(DATA FOR THIS EXERCISE begins)
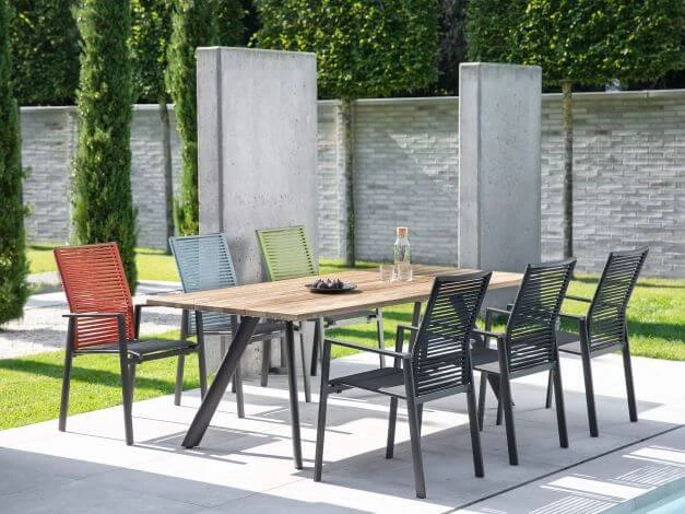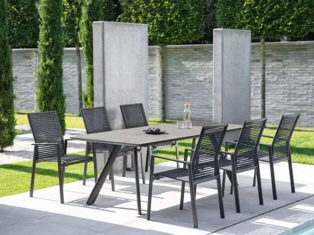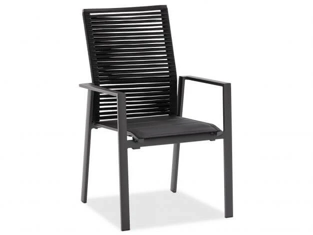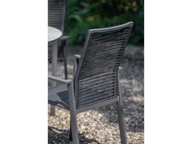 Jetzt kommt Abwechslung in den Garten! Der Gartenstuhl Cervo von Niehoff bietet eine neuartige Optik mit einer offenen Rope-Flechtung in der Rückenlehne. Da die Rückenlehne zudem höher als bei gewöhnlichen Stühlen ist, kommt auch der Sitzkomfort nicht zu kurz. Die Sitzfläche ist mit einem Textilen in schwarz gepolstert und erlaubt bietet auch ohne Auflage bequemes Sitzen. So sorgt Cervo von Niehoff für ein frisches Gesamtbild im Garten.
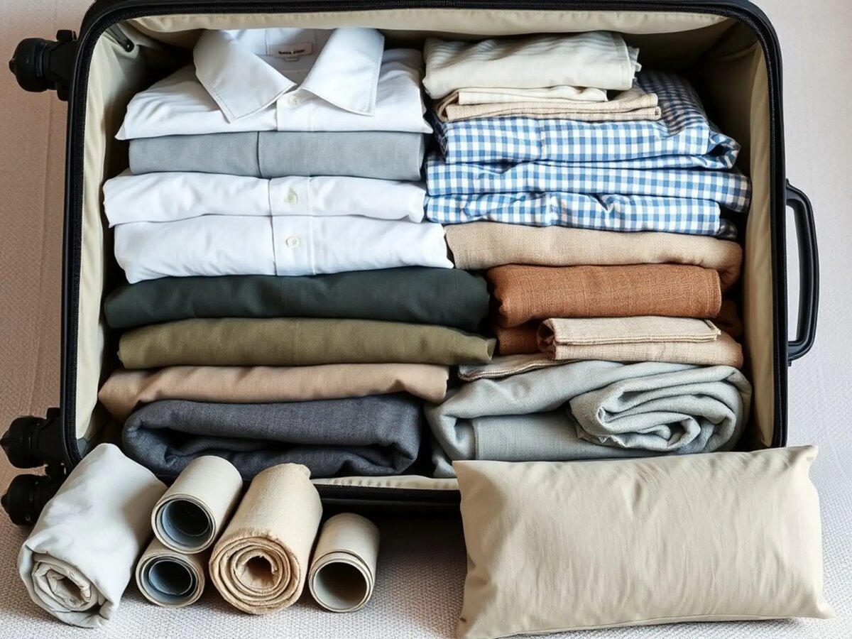 Открываешь чемодан после перелёта — а там помятая куча вещей, похожая на бельё после стирки? Знакомая история. Хорошая новость: складывать одежду без складок — реальный навык, а не магия. Расскажу о принципах, которые спасли мои рубашки в десятках поездок и превратили сборы в почти медитативный процесс. Готовьте вешалки и хорошее настроение — начинаем! Давайте начистоту: некоторые вещи мнутся, даже если их упаковываешь в вакуум с перчатками. Тут спасает «умный» подход до упаковки: Ищите вещи из этих материалов:
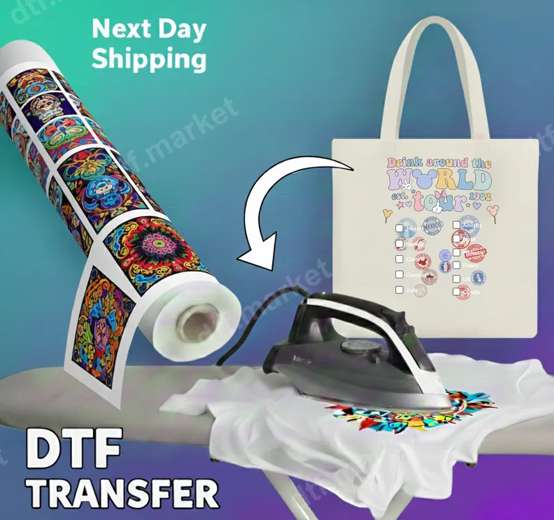 See allEmbark on a magical journey with our 'Drinks Around The World Est. 1982 Tour' DTF transfer. This vibrant, ready-to-press design features playful pastel lettering, iconic Mickey ears subtly integrated into 'WORLD,' and a fun checklist of international passport stamps like Mexico, Germany, UK, and Japan. It perfectly captures the spirit of a famous theme park tradition, making it an ideal choice for any fan looking to celebrate their global sipping adventure. This high-quality direct-to-film transfer arrives pre-printed and ready for immediate application. This unique heat transfer is perfect for Disney enthusiasts, Epcot adventurers, and anyone planning a fun-filled group trip or bachelorette party to the parks. It’s an excellent choice for family vacations, anniversary celebrations, or as a thoughtful gift for friends who love to 'drink around the world.' Imagine matching custom t-shirts for your whole crew, or a personalized tote bag to carry your essentials while exploring the World Showcase. Applying this ready-to-press transfer is straightforward, whether you use a professional heat press or a household iron. For best results with a heat press, apply at 300-325°F for 15 seconds with medium pressure. This versatile heat press design works beautifully on a wide range of materials, including cotton, polyester, and their blends. Forget about the hassle of weeding vinyl transfers; our DTF transfers are designed for quick and easy application, saving you time and effort. Our DTF transfers are crafted for exceptional durability and visual appeal. You'll enjoy incredibly vibrant colors that pop, ensuring your custom apparel stands out. The prints are crack-resistant and offer a soft, smooth feel, unlike rigid traditional vinyl. Made with professional-grade DTF film and strong adhesive, these apparel transfers are built to last through countless adventures and washes, maintaining their pristine look and feel.
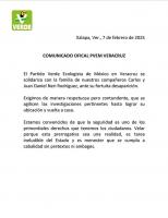 A través de un comunicado, el PVEM se solidarizó con la familia de sus compañeros ante su súbita desaparición. “Exigimos de manera respetuosa pero contundente, que se agilicen las investigaciones pertinentes hasta lograr su ubicación y vuelta a casa”.
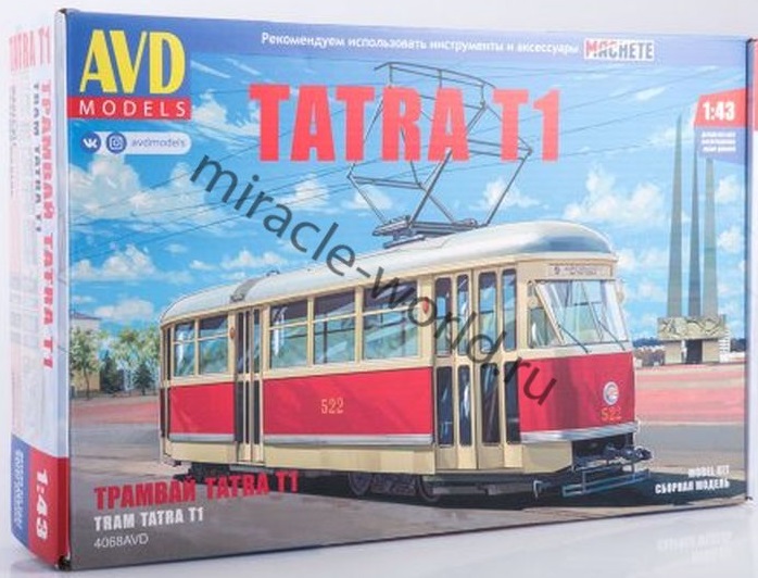 Сборная модель чешского высокопольного трамвая Tatra T1 в масштабе 1/43 от фирмы AVD Models (артикул 4068).
(DATA FOR THIS EXERCISE ends)
- WHAT YOU WILL DO -
Please restate the material above line by line, exactly, beginning at its first line and ending with the line that contains "Открываешь чемодан после", without any pictures.

- REPLY TO THE EXERCISE -
 Jetzt kommt Abwechslung in den Garten! Der Gartenstuhl Cervo von Niehoff bietet eine neuartige Optik mit einer offenen Rope-Flechtung in der Rückenlehne. Da die Rückenlehne zudem höher als bei gewöhnlichen Stühlen ist, kommt auch der Sitzkomfort nicht zu kurz. Die Sitzfläche ist mit einem Textilen in schwarz gepolstert und erlaubt bietet auch ohne Auflage bequemes Sitzen. So sorgt Cervo von Niehoff für ein frisches Gesamtbild im Garten.
 Открываешь чемодан после перелёта — а там помятая куча вещей, похожая на бельё после стирки? Знакомая история. Хорошая новость: складывать одежду без складок — реальный навык, а не магия. Расскажу о принципах, которые спасли мои рубашки в десятках поездок и превратили сборы в почти медитативный процесс. Готовьте вешалки и хорошее настроение — начинаем! Давайте начистоту: некоторые вещи мнутся, даже если их упаковываешь в вакуум с перчатками. Тут спасает «умный» подход до упаковки: Ищите вещи из этих материалов:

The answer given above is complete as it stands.